Dive Brief:
- ESG Flo, an artificial intelligence ESG data infrastructure tool backed by Bain & Company, announced Tuesday it received $5.25 million in its seed round of funding, led by investor Rho Ignition and enterprise software investment firm Tola Capital. Bain and Contour Venture Partners also participated.
- The company’s platform targets the industrial, manufacturing and infrastructure sectors. and said it is using the new funding to offer readiness solutions for Europe’s Corporate Sustainability Reporting Directive and the Securities and Exchange Commission’s final climate disclosure rule.
- ESG Flo said its platform will help companies collect ESG data spread across the business, cutting down on manual collection and leveraging AI to help collect, analyze and conform ESG data to reporting requirements.
Dive Insight:
The platform, which launched in April, is the first venture to be born out of Bain’s Founder’s Studio, an entrepreneurial leg that focuses on building “disruptive” products. Instead of centering on data presentation, the new tool focuses on mapping, collecting and transforming data into a version ready for third-party verification, which Rho Ignition Managing Partner Habib Kairouz called “step zero” of the ESG data process in a press release.
ESG Flo said its research showed companies’ sustainability teams were spending 70% of their time collecting data, often leading to errors. The data infrastructure platform believes it can give companies a “robust, auditable” ESG data infrastructure by using deep learning and automation artificial intelligence technologies.
“We envision a business world where ESG conversations are as important as financial ones,” ESG Flo Founder and CEO Patrick Obeid said in Tuesday’s release. “We're on a mission to equip businesses with precise ESG data for integrated reporting and responsible decision making.”
Kairouz — along with Tola Capital venture partner Karolin Beck, Bain partner and director Ron Kermisch and compliance expert Patrick Quinlan — joined ESG Flo’s board as part of the funding round.
ESG Flo said evolving international ESG disclosure regulations helped drive demand for the tool’s expansion. The EU’s recently passed CSRD goes into effect in January for some companies and in 2026 for non-EU companies who do business in the bloc that meet certain requirements. More than 3,000 U.S. companies will have to comply, according to a Deloitte estimate.
SEC Chair Gary Gensler has yet to finalize a rule requiring public companies to disclose their greenhouse gas emissions in the U.S. Last week, Gensler said the agency is still reviewing things like how to satisfy investor demand for scope 3 emissions disclosures, which show a business’ supply chain emissions, while being careful not to overreach its authority.
“[T]here is an urgent demand for a robust data infrastructure that aligns with ESG regulatory mandates,” Beck said. “Companies with strong ESG strategies gain a competitive advantage, and ESG Flo facilitates seamless integration of environmental, social, and governance factors into decision-making.”

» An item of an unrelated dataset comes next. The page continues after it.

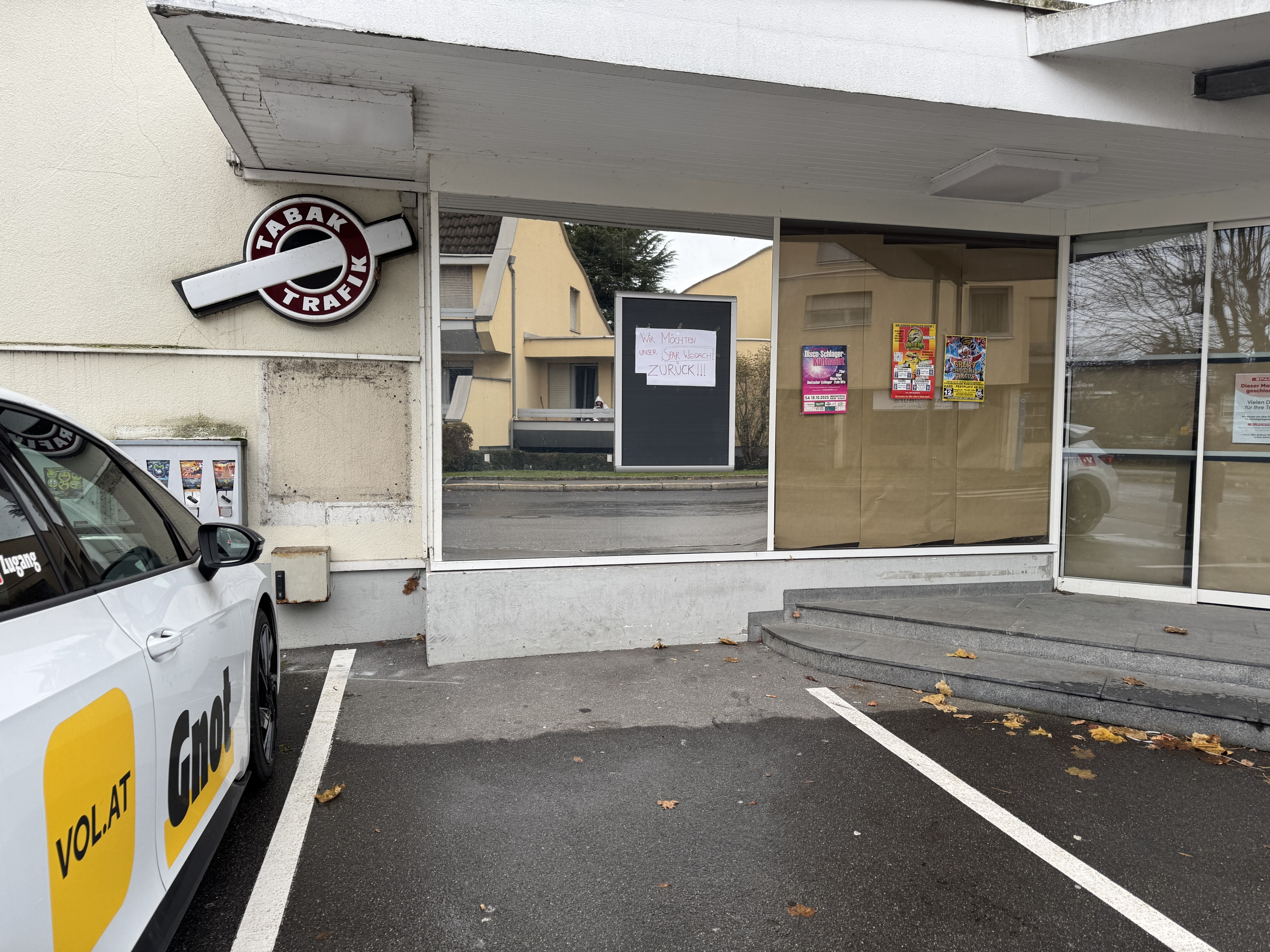 Es war lange die verlässliche und vor allem nahe Anlaufstelle für die Weidacher, um schnell Eier, Butter oder Milch einzukaufen. Beim Lokalaugenschein in der Landstraße in Bregenz wirkt das Gebäude verlassen. Die Fenster sind abgeklebt, die roten "Spar"-Buchstaben fehlen.

The funding will also be used to hire more engineers to work on the platform’s AI engine, as well as scale the growth and marketing teams to support additional customers.
ESG Flo’s funding announcement comes the week after Bloomberg and Riskthinking.AI, a data and technology climate tech firm, launched an AI tool for companies to predict financial exposure due to climate risks, tapping into growing demand for AI-generated ESG data solutions. Bloomberg and Riskthinking.AI’s tool will align its data to the CSRD, as well as recommendations from the Task Force for Climate-related Financial Disclosures and the International Sustainability Standards Board’s inaugural standards.